Shapiro Wilk Test - APA Style Reporting Example

Limited Usefulness of Normality Tests

The Shapiro-Wilk and Kolmogorov-Smirnov test both examine if a variable is normally distributed in some population. But why even bother? Well, that's because many statistical tests -including ANOVA, t-tests and regression- require the normality assumption: variables must be normally distributed in the population. However, the normality assumption is only needed for small sample sizes of -say- N ≤ 20 or so. For larger sample sizes, the sampling distribution of the mean is always normal, regardless how values are distributed in the population. This phenomenon is known as the central limit theorem. And the consequence is that many test results are unaffected by even severe violations of normality.
So if sample sizes are reasonable, normality tests are often pointless. Sadly, few statistics instructors seem to be aware of this and still bother students with such tests. And that's why I wrote this tutorial anyway.

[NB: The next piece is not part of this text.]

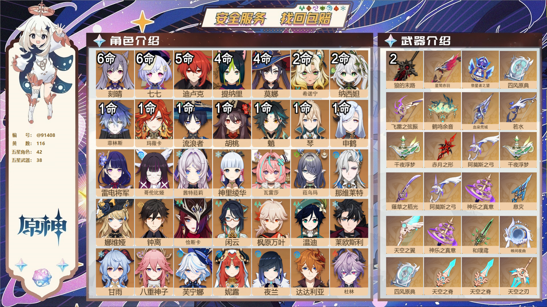 PX_2508960-,邮箱不出售,,冒险等级60级,男主,116黄,42个五星角色,38个五星武器,纠缠之源0--原石83--圣遗物553--【时装】,海风之梦,倩影游侠,岁夜欢哗,帆影游风,极夜真梦,叶隐芳名,闪耀协奏,雨化竹身,炽绘奇旅,玲雨听竹, 【42个五星角色】,满命刻晴,满命七七,5命迪卢克,4命提纳里,4命莫娜,2命希诺宁,2命纳西妲,1命菲林斯,1命玛薇卡,1命流浪者,1命胡桃,1命魈,1命琴,1命申鹤,0命雷电将军,0命哥伦比娅,0命茜特菈莉,0命神里绫华,0命瓦雷莎,0命菈乌玛,0命那维莱特,0命娜维娅,0命钟离,0命恰斯卡,0命闲云,0命枫原万叶,0命温迪,0命莱欧斯利,0命甘雨,0命八重神子,0命芙宁娜,0命妮露,0命夜兰,0命达达利亚,0命杜林,0命阿蕾奇诺,0命宵宫,0命可莉,0命白术,0命珊瑚宫心海,0命迪希雅,0命埃洛伊, 【38个五星武器】,精2狼的末路,精1星鹫赤羽,精1祭星者之望,精1四风原典,精1飞雷之弦振,精1鹤鸣余音,精1血染荒城,精1若水,精1千夜浮梦,精1赤月之形,精1阿莫斯之弓,精1千夜浮梦,精1薙草之稻光,精1阿莫斯之弓,精1神乐之真意,精1息灾,精1天空之翼,精1神乐之真意,精1和璞鸢,精1帷间夜曲,精1四风原典,精1天空之脊,精1天空之脊,精1天空之刃,精1天空之傲,精1护摩之杖,精1息灾,精1焚曜千阳,精1天空之脊,精1风鹰剑,精1裁断,精1裁断,精1岩峰巡歌,精1阿莫斯之弓,精1静水流涌之辉,精1支离轮光,精1雾切之回光,精1无工之剑,10套, 【时装】,海风之梦,倩影游侠,岁夜欢哗,帆影游风,极夜真梦,叶隐芳名,闪耀协奏,雨化竹身,炽绘奇旅,玲雨听竹,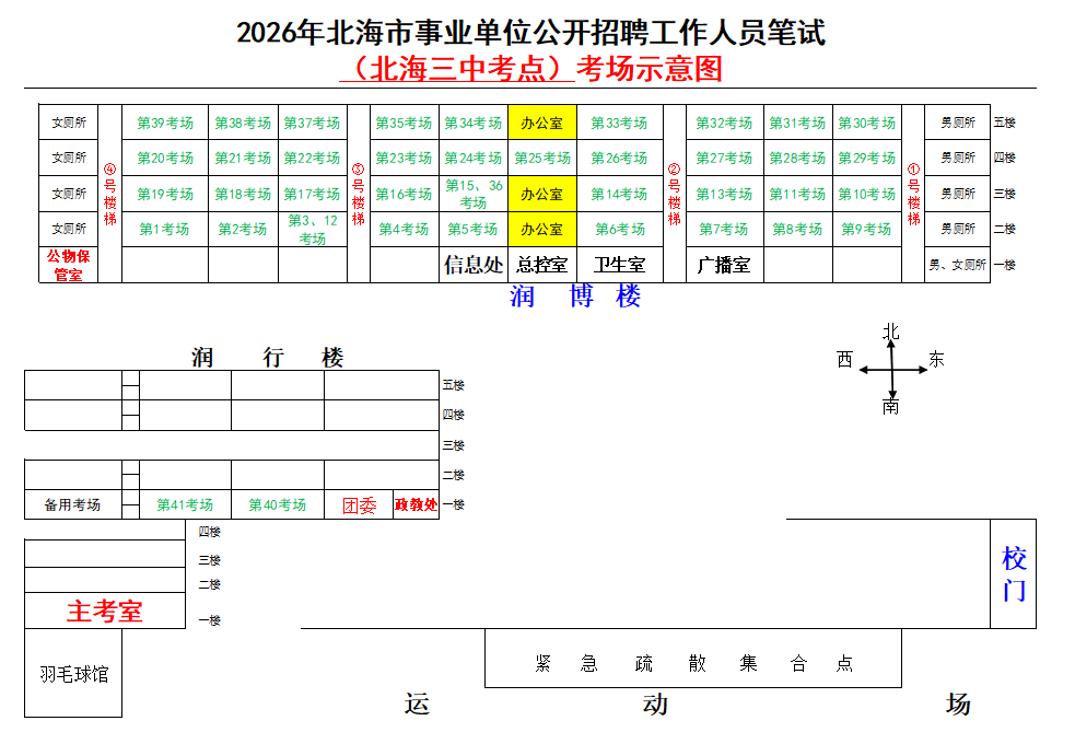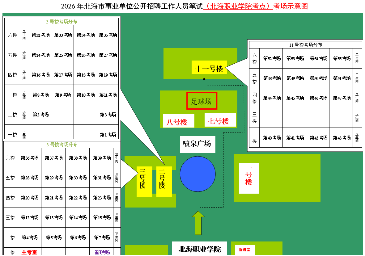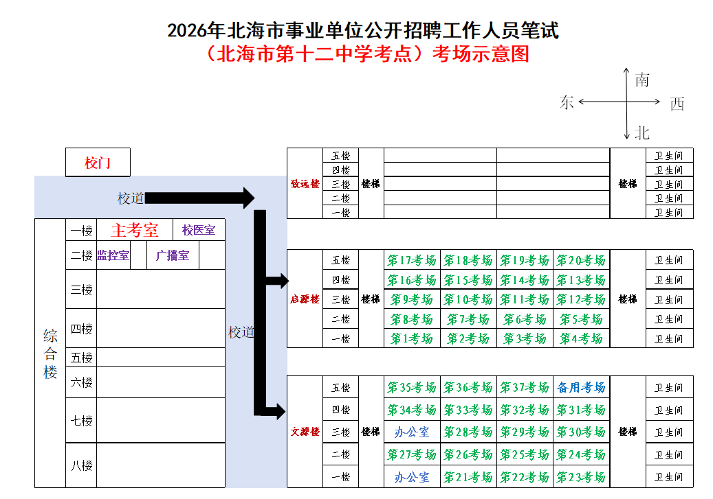 (一)3月28日進(jìn)行綜合管理類(A類)考試,北海市共設(shè)一個(gè)考點(diǎn),考點(diǎn)考場布置為:

Hey! But what if sample sizes are small, say N < 20 or so? Well, in that case, many tests do require normally distributed variables. However, normality tests typically have low power in small sample sizes. As a consequence, even substantial deviations from normality may not be statistically significant. So when you really need normality, normality tests are unlikely to detect that it's actually violated. Which renders them pretty useless.

Thanks for reading.

THIS TUTORIAL HAS 25 COMMENTS:

By Isaac Musa on May 22nd, 2020

Is it necessary then to do normality test if the sample size is 873
By Ruben Geert van den Berg on May 22nd, 2020

Generally: no.

The central limit theorem takes care of things for larger sample sizes. Sadly, many instructors are unaware of this and still force you to test for normality -which is why we covered these tests in the first place.
By Kelly on July 31st, 2020

So should I report Shapiro-Wilk results along with skewness and Kurtosis?
By Wasantha Wijenayake on August 6th, 2020

Thanks a lot for the great explanation...!
By Shana on November 3rd, 2020

Hi, thanks for the great article! Can I also check with you if skewness and kurtosis are usually reported too? And how are they reported in APA format?